• **What to work on**: In the copy, include all of the listing exactly and none of its pictures.

• **Input**:
━━━

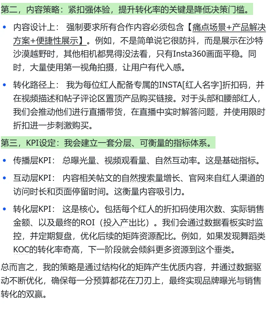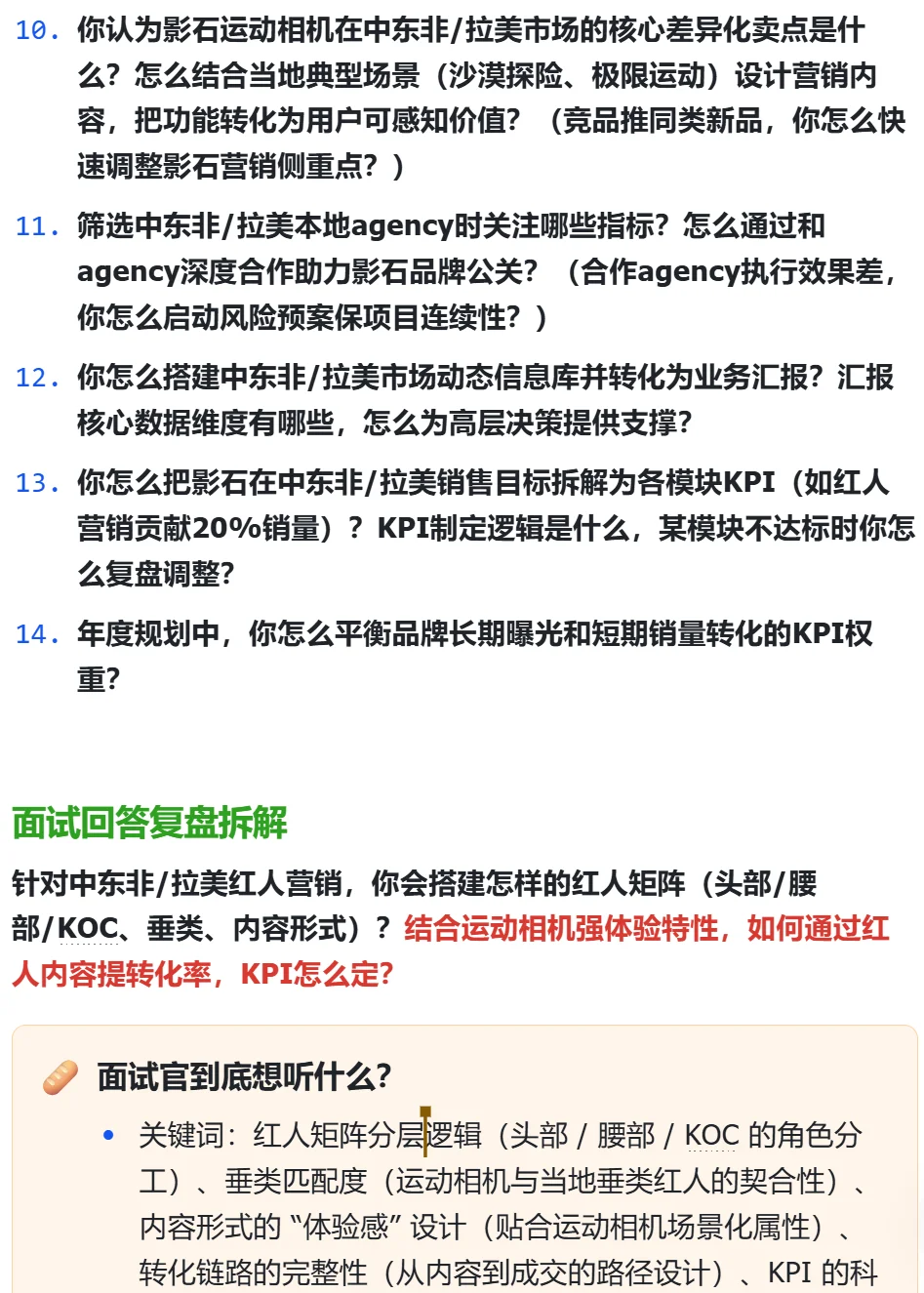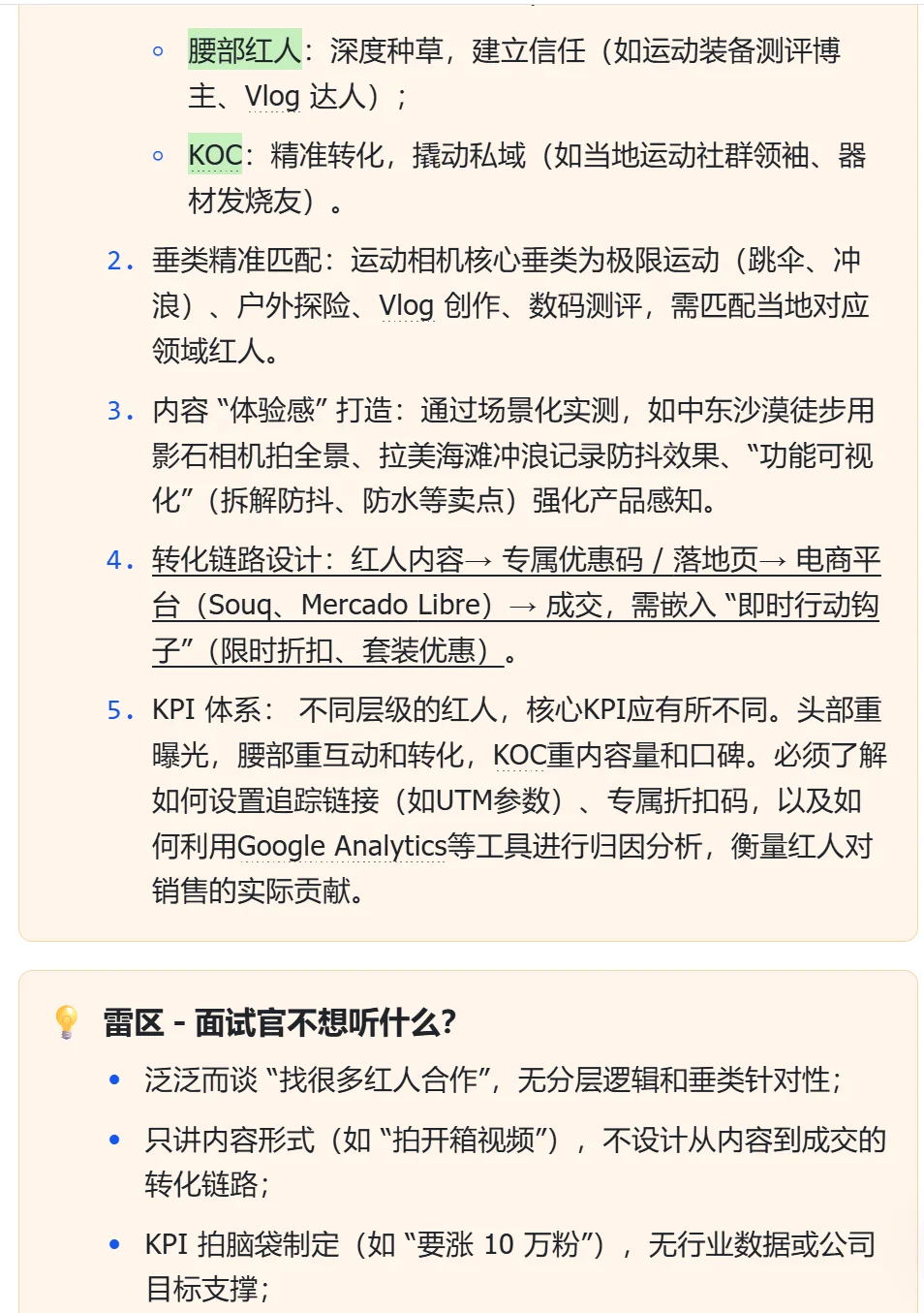 3. 针对中东非/拉美红人营销,你会搭建怎样的红人矩阵(头部/腰部/KOC、垂类、内容形式)?结合运动相机强体验特性,如何通过红人内容提转化率,KPI怎么定?
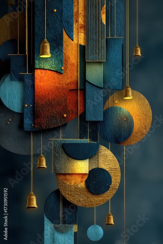 Contemporary abstract art with geometric shapes and gold accents in blue hues
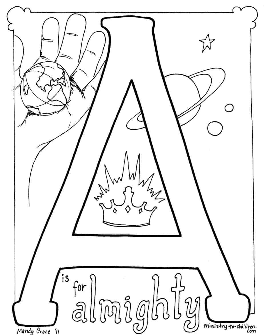 This is the first sheet in our free Bible Alphabet coloring pages for children. For each illustration in this project, we are letting our readers chose the concepts.
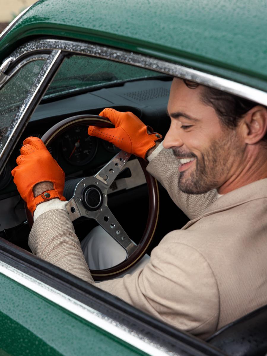 ORANJE LEREN HANDSCHOENEN HEREN Pilot herenhandschoenen - Oranje / Naturel
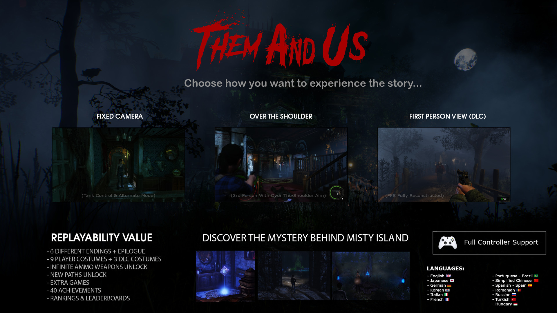 - Selected first-person POV for flashbacks, cutscenes, memories, etc. - Extra game content. Fixed Camera: This mode is designed for people that want a true classic survival horror experience. For those who like things hard and challenging. Over The Shoulder: Although we keep some classic elements in this mode, OTS is designed for people who want a more modern gaming experience, with a slightly easier (but still challenging in its own way) experience. Notice: The game pays homage to some of the classic survival horror games we love, expect to see some 'rooms' or 'Easter eggs' that may remind you of these games. Regardless of how you play, this game will not hold your hand. You will have to think for yourself about what needs to be done and how to progress the story. Use your own wits and intuition to make it out alive. Graphics - Post-process effects (bloom filters, god rays, etc.) added for increased immersion. - Crisp graphics with a 60 FPS default. Unlock FPS is available. - Optional reversion to first-gen console graphics. The retro mode also triggers fixed camera play for a greater challenge. -UltraWide (32:9) Support Gameplay - Realistic damage and dismemberment systems with accompanying gore. - In-world puzzles featuring ciphers and keys. - Resource management for true survival horror. Extra Content: Finish the game and unlock new costumes or weapons. There are different endings. Decide Alicia's fate yourself. | Them and Us is a classic, survival horror game with a focus on atmosphere and player immersion. Discover the truth of Alicia’s past as she descends further into her strange, unending nightmare. | “I did not feel that my time was wasted, as a matter of fact, I was left wanting much more.” Save or Quit | https://www.tendogames.com/themandus/ | http://www.tendogames.com/ | contact@tendogames.com | true | false | false | 0 | null | 40 | 617 | null | English,Simplified Chinese,Turkish,French,German,Japanese,Portuguese - Brazil,Korean,Italian,Romanian,Russian,Spanish - Spain,Hungarian | English,Russian,Hungarian | [{'title': 'Buy Them and Us', 'description': '', 'subs': [{'text': 'Them and Us - $39.99', 'description': '', 'price': 39.99}]}] | TendoGames Co., Ltd. | TendoGames Co., Ltd. | Single-player,Steam Achievements,Full controller support,Steam Trading Cards,Steam Cloud,Stats,Steam Leaderboards | Action,Indie | http://cdn.akamai.steamstatic.com/steam/apps/256750428/movie_max.mp4?t=1597456504,http://cdn.akamai.steamstatic.com/steam/apps/256750424/movie_max.mp4?t=1597456512,http://cdn.akamai.steamstatic.com/steam/apps/256748775/movie_max.mp4?t=1597456520 | 0 | null | 539 | 128 | 0 - 20000 | 0 | 0 | 0 | 0 | 13 | Survival Horror,Action,Gore,Indie,Violent,Horror,Female Protagonist,Classic,Zombies,Third-Person Shooter,Singleplayer | ||
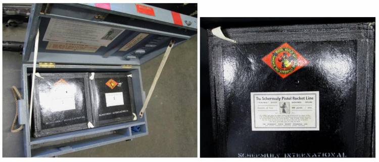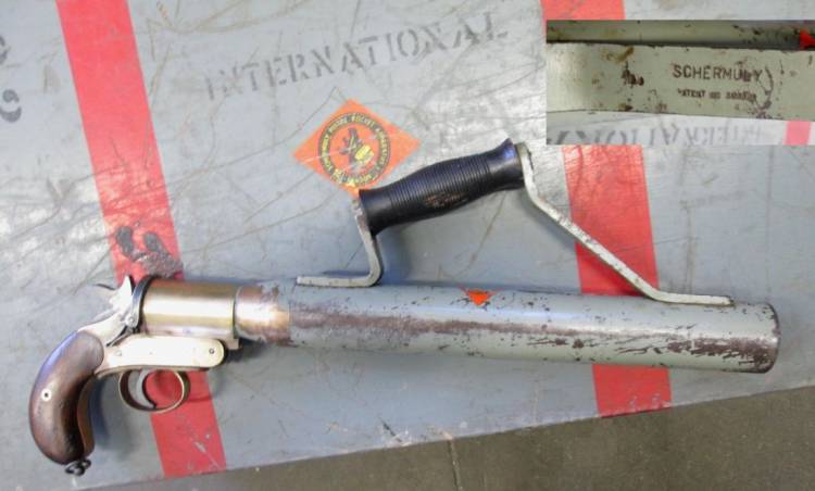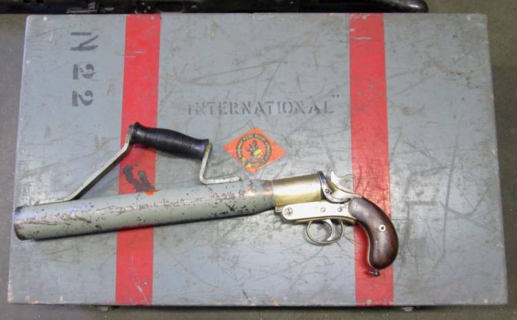 RARA PISTOLA LANCIASAGOLE DELLA ROYAL NAVY DELLA WEBLEY-SCHERMULY MOD.1918. IMPIEGATA NELLA SECONDA GUERRA MONDIALE. COMPLETA DI CASSA DI TRASPORTO CON DUE SCATOLE DI SAGOLE NUOVE DA APRIRE (INTROVABILE). CONDIZIONI MOLTO BUONE.
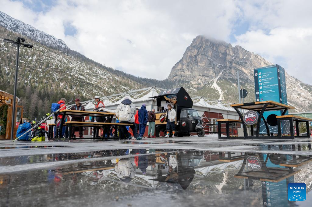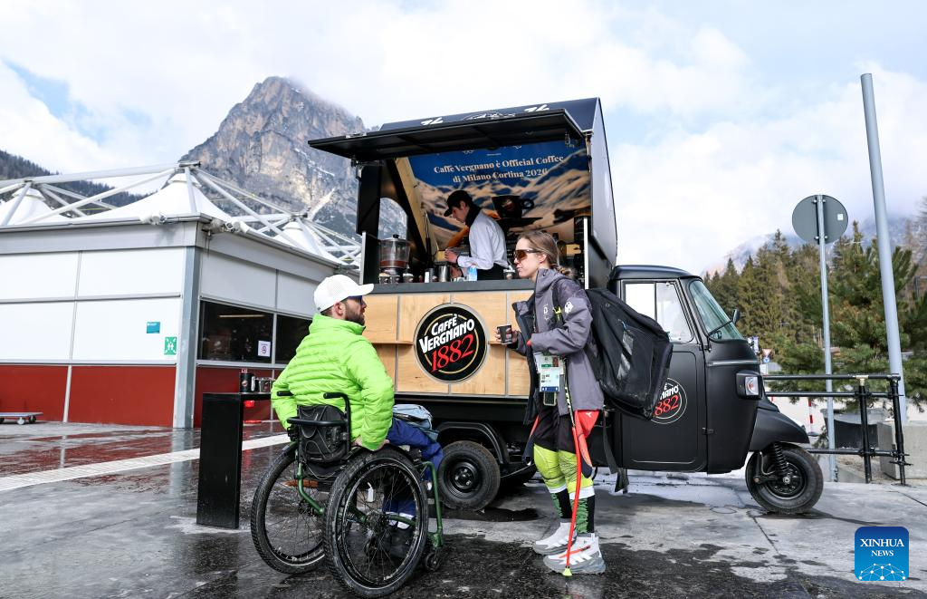 People chat at a coffee truck at the Paralympic Village of the Milan-Cortina 2026 Paralympic Winter Games in Cortina d'Ampezzo, Italy, March 3, 2026. (Xinhua/Wang Kaiyan)
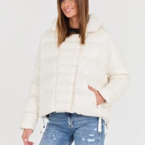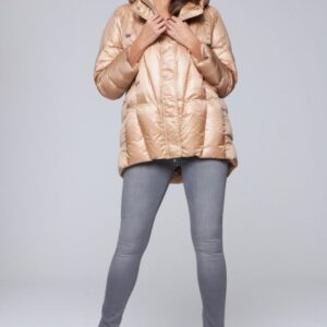 DIEGO M Beżowa damska kurtka puchowa z kapturem, Rozmiar 36 EU – 40 IT
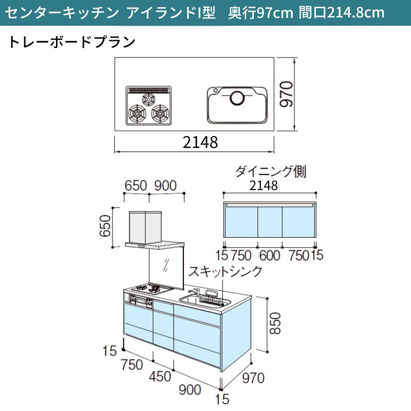 システムキッチン シエラ W2148mm アイランド I型トレーボードプラン 食洗機無し 間口214.8cm 奥行97/75cm グループ3 リクシル 流し台
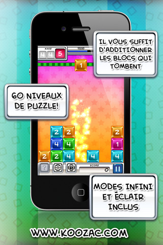 Cette semaine, l’application de la semaine, temporairement gratuite, sélectionnée par Apple, est le jeu Koozac. Dans ce jeu de puzzle, des cubes numérotés tombent et il faut détruire les pièces grises pour gagner la partie. Pour cela il suffit d’empiler les cubes selon leurs chiffres : un total est attendu et les cubes disparaissent si la somme de leurs chiffres est égale à l’objectif annoncé.
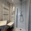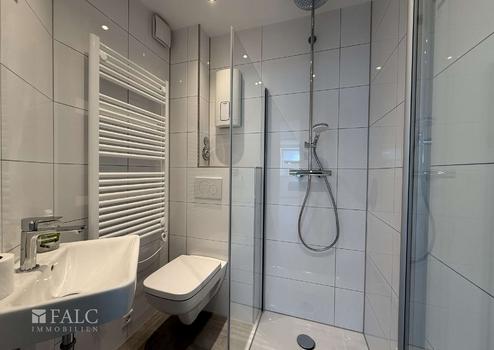 Schlafzimmer sowie ein hochwertig gefliestes Badezimmer mit einer ebenerdigen Dusche.
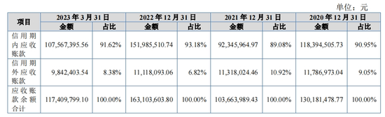 应收账款账龄来看,公司1年以内的应收账款占比各期分别为86.97%、86.31%、91.45%及89.22%。报告期各期,公司信用期内的应收账款占比分别为90.95%、89.08%、93.18%及91.62%,应收账款信用期内款项大于应收账款1年以内款项。

━━━

• **Answer to this task**:
 3. 针对中东非/拉美红人营销,你会搭建怎样的红人矩阵(头部/腰部/KOC、垂类、内容形式)?结合运动相机强体验特性,如何通过红人内容提转化率,KPI怎么定?
 Contemporary abstract art with geometric shapes and gold accents in blue hues
 This is the first sheet in our free Bible Alphabet coloring pages for children. For each illustration in this project, we are letting our readers chose the concepts.
 ORANJE LEREN HANDSCHOENEN HEREN Pilot herenhandschoenen - Oranje / Naturel
 - Selected first-person POV for flashbacks, cutscenes, memories, etc. - Extra game content. Fixed Camera: This mode is designed for people that want a true classic survival horror experience. For those who like things hard and challenging. Over The Shoulder: Although we keep some classic elements in this mode, OTS is designed for people who want a more modern gaming experience, with a slightly easier (but still challenging in its own way) experience. Notice: The game pays homage to some of the classic survival horror games we love, expect to see some 'rooms' or 'Easter eggs' that may remind you of these games. Regardless of how you play, this game will not hold your hand. You will have to think for yourself about what needs to be done and how to progress the story. Use your own wits and intuition to make it out alive. Graphics - Post-process effects (bloom filters, god rays, etc.) added for increased immersion. - Crisp graphics with a 60 FPS default. Unlock FPS is available. - Optional reversion to first-gen console graphics. The retro mode also triggers fixed camera play for a greater challenge. -UltraWide (32:9) Support Gameplay - Realistic damage and dismemberment systems with accompanying gore. - In-world puzzles featuring ciphers and keys. - Resource management for true survival horror. Extra Content: Finish the game and unlock new costumes or weapons. There are different endings. Decide Alicia's fate yourself. | Them and Us is a classic, survival horror game with a focus on atmosphere and player immersion. Discover the truth of Alicia’s past as she descends further into her strange, unending nightmare. | “I did not feel that my time was wasted, as a matter of fact, I was left wanting much more.” Save or Quit | https://www.tendogames.com/themandus/ | http://www.tendogames.com/ | contact@tendogames.com | true | false | false | 0 | null | 40 | 617 | null | English,Simplified Chinese,Turkish,French,German,Japanese,Portuguese - Brazil,Korean,Italian,Romanian,Russian,Spanish - Spain,Hungarian | English,Russian,Hungarian | [{'title': 'Buy Them and Us', 'description': '', 'subs': [{'text': 'Them and Us - $39.99', 'description': '', 'price': 39.99}]}] | TendoGames Co., Ltd. | TendoGames Co., Ltd. | Single-player,Steam Achievements,Full controller support,Steam Trading Cards,Steam Cloud,Stats,Steam Leaderboards | Action,Indie | http://cdn.akamai.steamstatic.com/steam/apps/256750428/movie_max.mp4?t=1597456504,http://cdn.akamai.steamstatic.com/steam/apps/256750424/movie_max.mp4?t=1597456512,http://cdn.akamai.steamstatic.com/steam/apps/256748775/movie_max.mp4?t=1597456520 | 0 | null | 539 | 128 | 0 - 20000 | 0 | 0 | 0 | 0 | 13 | Survival Horror,Action,Gore,Indie,Violent,Horror,Female Protagonist,Classic,Zombies,Third-Person Shooter,Singleplayer | ||
 RARA PISTOLA LANCIASAGOLE DELLA ROYAL NAVY DELLA WEBLEY-SCHERMULY MOD.1918. IMPIEGATA NELLA SECONDA GUERRA MONDIALE. COMPLETA DI CASSA DI TRASPORTO CON DUE SCATOLE DI SAGOLE NUOVE DA APRIRE (INTROVABILE). CONDIZIONI MOLTO BUONE.
 People chat at a coffee truck at the Paralympic Village of the Milan-Cortina 2026 Paralympic Winter Games in Cortina d'Ampezzo, Italy, March 3, 2026. (Xinhua/Wang Kaiyan)
 DIEGO M Beżowa damska kurtka puchowa z kapturem, Rozmiar 36 EU – 40 IT
 システムキッチン シエラ W2148mm アイランド I型トレーボードプラン 食洗機無し 間口214.8cm 奥行97/75cm グループ3 リクシル 流し台
 Cette semaine, l’application de la semaine, temporairement gratuite, sélectionnée par Apple, est le jeu Koozac. Dans ce jeu de puzzle, des cubes numérotés tombent et il faut détruire les pièces grises pour gagner la partie. Pour cela il suffit d’empiler les cubes selon leurs chiffres : un total est attendu et les cubes disparaissent si la somme de leurs chiffres est égale à l’objectif annoncé.
 Schlafzimmer sowie ein hochwertig gefliestes Badezimmer mit einer ebenerdigen Dusche.
 应收账款账龄来看,公司1年以内的应收账款占比各期分别为86.97%、86.31%、91.45%及89.22%。报告期各期,公司信用期内的应收账款占比分别为90.95%、89.08%、93.18%及91.62%,应收账款信用期内款项大于应收账款1年以内款项。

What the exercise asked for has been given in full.